Gary Becker defined an ideal democracy as “an institutional arrangement for arriving at political decisions in which individuals endeavour to acquire political office through perfectly free competition for the votes of a broadly based electorate” (Becker 1958). In a standard Downsian model of electoral competition (Downs 1957) between two parties that are office-motivated and only weakly committed to a certain ideology, changes in the composition of the electorate will not lead to changes in their vote shares but, rather, to changes in party platforms.
We tested this prediction by combining ANES data on individual vote choices and issue positions with data on party platforms from the Manifesto Project (Lehmann et al. 2023). This revealed that both the Republican and Democratic party platforms moved to the right over most of our sample period, with the Democrats moving later and reversing the trend in the final three election cycles of the sample (Figure 2). The overall trend appears consistent with the parties reacting to the demographic shifts, albeit with a lag. It is interesting that the Democrats appear to adjust more slowly than the Republicans – and consistent with parties moving more readily in their ideologically preferred direction.
Figure 2 How parties’ platforms have shifted
Source: “Pitfalls of Demographic Forecasts of US Elections,” September 2024.
Note: The RILE score (right-left score) from the Manifesto Project measures each party’s position by analysing their platforms’ content.

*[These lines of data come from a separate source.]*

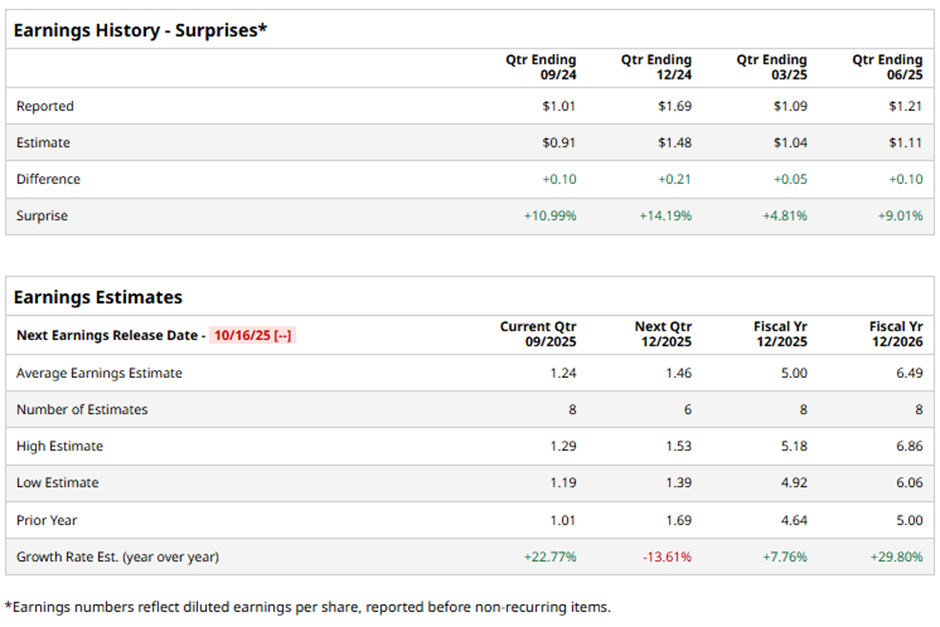 The San Francisco, California-based company is expected to release its fiscal Q3 2025 earnings results on Thursday, Oct. 16. Ahead of this event, analysts expect BX to report an EPS of $1.24, up 22.8% from $1.01 in the prior year's quarter. It has surpassed Wall Street's bottom-line estimates in the past four quarters.
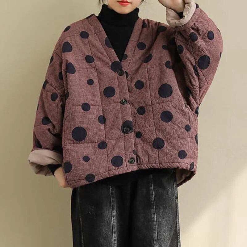 レトロ文学プラスサイズの婦人服ファットキルティング肥厚暖かい綿ジャケット年齢を軽減水玉模様長袖綿服ジャケット ロング コットン 大きめサイズ sine41400697624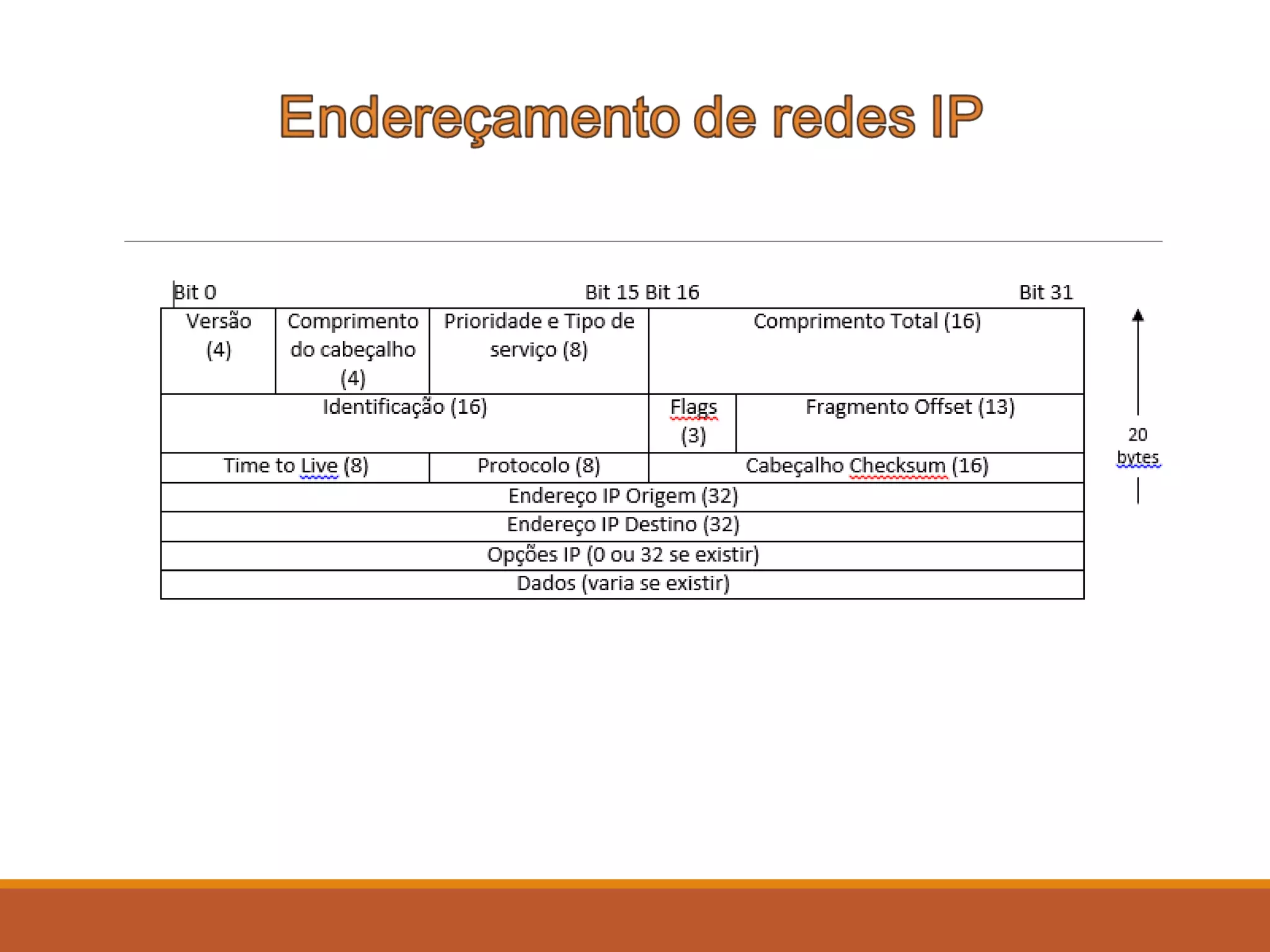 • O endereçamentode IP cobre vários aspetos, incluindo os cálculos para construir um endereço IP, as classes de endereços IP e os endereços públicos versus endereços privados. • Aprender este funcionamento proporciona um entendimento de como os dados são transmitidos através da camada 3 usando TCP/IP. • Para facilitar o roteamento de pacotes numa rede, o TCP/IP usa um endereço lógico de 32 bits. Este endereço tem de ser único para cada dispositivo na rede. • O cabeçalho da camada internet do TCP/IP é conhecido como cabeçalho IP.

Elections are competitive markets, and parties fight for votes just as firms study market trends and vie for buyers. People’s demographic characteristics strongly influence their social and political identity (Mason and Wronski 2018) which is highly persistent over time. However, major shifts in partisanship of certain groups do take place; and to some extent these shifts happen because parties respond to demographic changes (Adams and Somer-Topcu 2009).
For example, when Democrats realised they were losing elections due to weakness in the suburbs, they had incentives to target suburban votes with their activities and messages. The partisanship of suburban voters changed in response (Lassiter 2003). Another example is the tug-of-war over the Latino vote. In the aftermath of Mitt Romney’s 2012 loss to Barack Obama, a Republican National Committee report cited focus groups saying the party was “scary,” “narrow-minded,” and “out of touch”, and called for it to conduct new outreach to Latinos and other minorities (Cassidy 2013). Now, in the wake of November’s elections, Democrats are working to understand why they lost so many Latino voters to Donald Trump and strategising how to win them back (Cohn 2024).
Ultimately, these forces can lead to a near-even split of the electorate. Our study provides what may be the first systematic evidence of a pattern The Economist has called “the great mystery of American politics”: that aside from brief periods, the US electorate has been balanced between parties and election outcomes have been persistently close (Economist 2023) – even as it has become increasingly polarised (Boxell 2021).
The accuracy of demographic forecasts will depend on the speed at which different groups change in size, parties respond, and other forces affect partisan preferences. As parties nimbly respond to changes in the electorate and innumerable other forces come to bear, the political marketplace will tend toward equilibrium, making demographic forecasting a losing game.